Source data:
──────

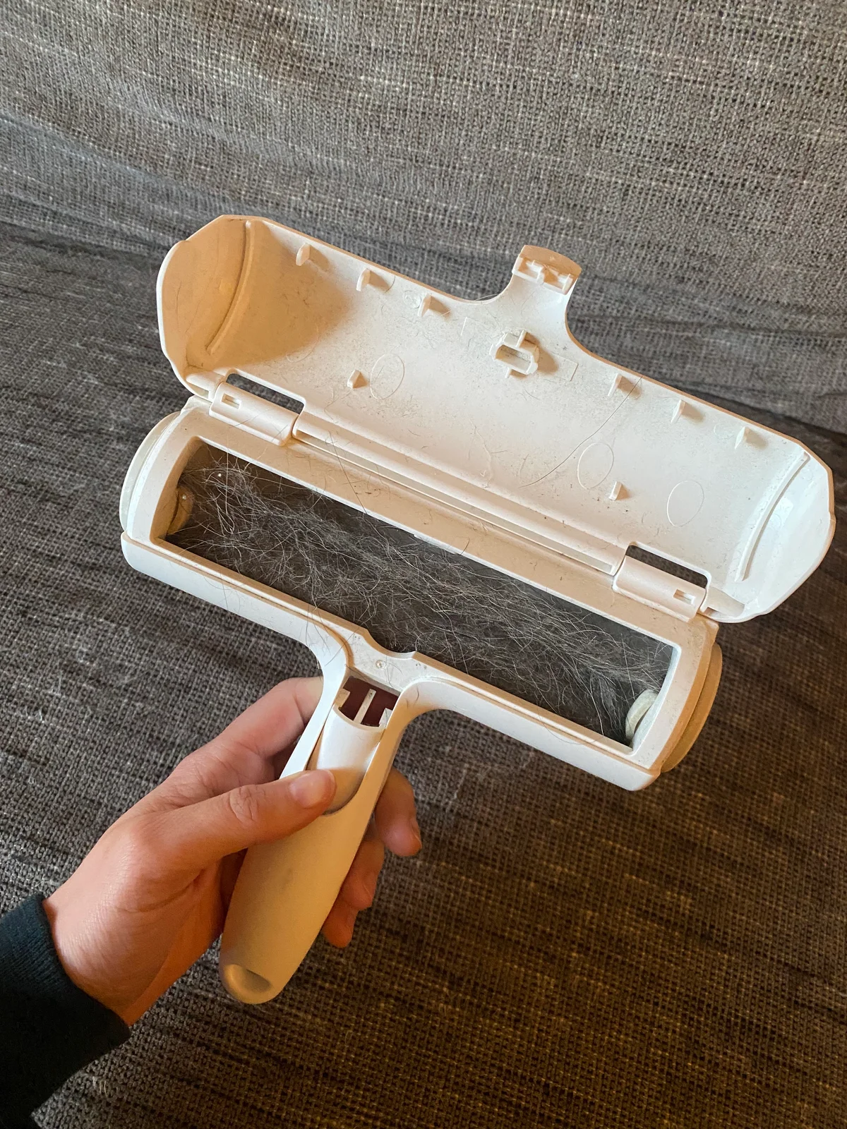 If you've got pets that shed, you need this ChomChom pet hair remover. Fun fact: we got a dog that specifically wasn't supposed to shed, but you can probably guess what happened. Whenever I need to de-fur a couch, chair, carpet, or my clothes, I grab this reusable roller that's super easy to clean out, too.
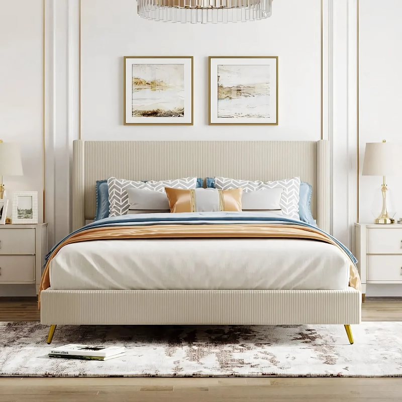I'm in love with my new bed! The beige color is absolutely beautiful and complements my bedroom decor perfectly. The corduroy material adds a luxurious touch that I didn't know I needed. It was easy to assemble, despite a few holes not aligning perfectly, but that was a minor hiccup in what was otherwise a seamless experience. Highly recommend!
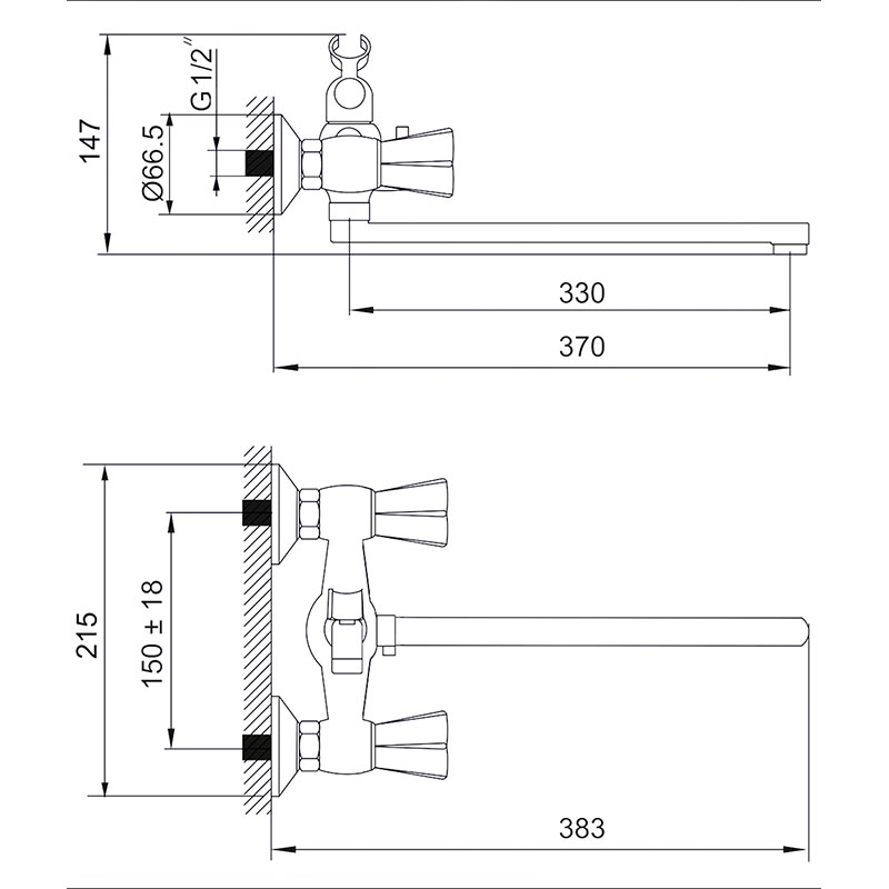 Смеситель ванна MELODIA Galant длинный плоский излив керамика MDV 32141, лейка 1ф.75мм, круглая
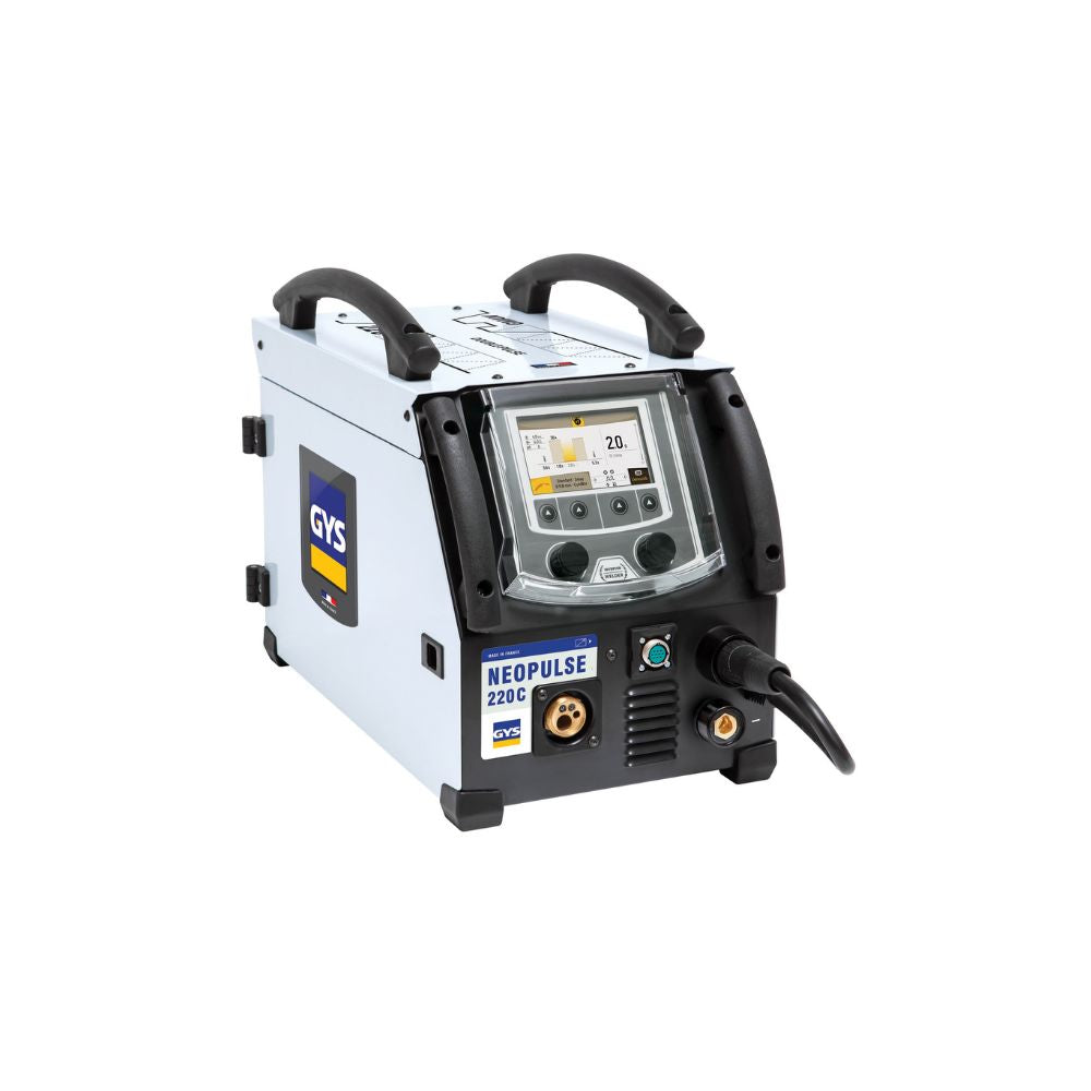 The GYS NEOPULSE 220C is a powerful single-phase pulse MIG/MAG inverter engineered for professional welding performance across multiple processes including MIG/MAG, MMA, and TIG DC Lift/Pulse. Built with digital control and four microprocessors, it offers four times the processing power for precise arc control, exceptional welding quality, and enhanced productivity. Its intuitive digital interface and synergic mode make setup simple: select material, gas, and wire diameter, and the machine automatically calculates optimal parameters while allowing manual fine-tuning. The NEOPULSE 220C supports six MIG/MAG welding modes, stores up to 500 welding programs, and provides full traceability in compliance with EN ISO 3834. Encased in a durable metal housing with IP23S protection, dual handles, and a 4-roller drive system, this welder is ideal for demanding workshop and industrial applications where precision and reliability are critical.

──────

Task requirements: Beginning with the line that holds "Смеситель ванна MELODIA" and ending with the last line of the material above, extract every line exactly, pictures excluded.

Result:
 Смеситель ванна MELODIA Galant длинный плоский излив керамика MDV 32141, лейка 1ф.75мм, круглая
 The GYS NEOPULSE 220C is a powerful single-phase pulse MIG/MAG inverter engineered for professional welding performance across multiple processes including MIG/MAG, MMA, and TIG DC Lift/Pulse. Built with digital control and four microprocessors, it offers four times the processing power for precise arc control, exceptional welding quality, and enhanced productivity. Its intuitive digital interface and synergic mode make setup simple: select material, gas, and wire diameter, and the machine automatically calculates optimal parameters while allowing manual fine-tuning. The NEOPULSE 220C supports six MIG/MAG welding modes, stores up to 500 welding programs, and provides full traceability in compliance with EN ISO 3834. Encased in a durable metal housing with IP23S protection, dual handles, and a 4-roller drive system, this welder is ideal for demanding workshop and industrial applications where precision and reliability are critical.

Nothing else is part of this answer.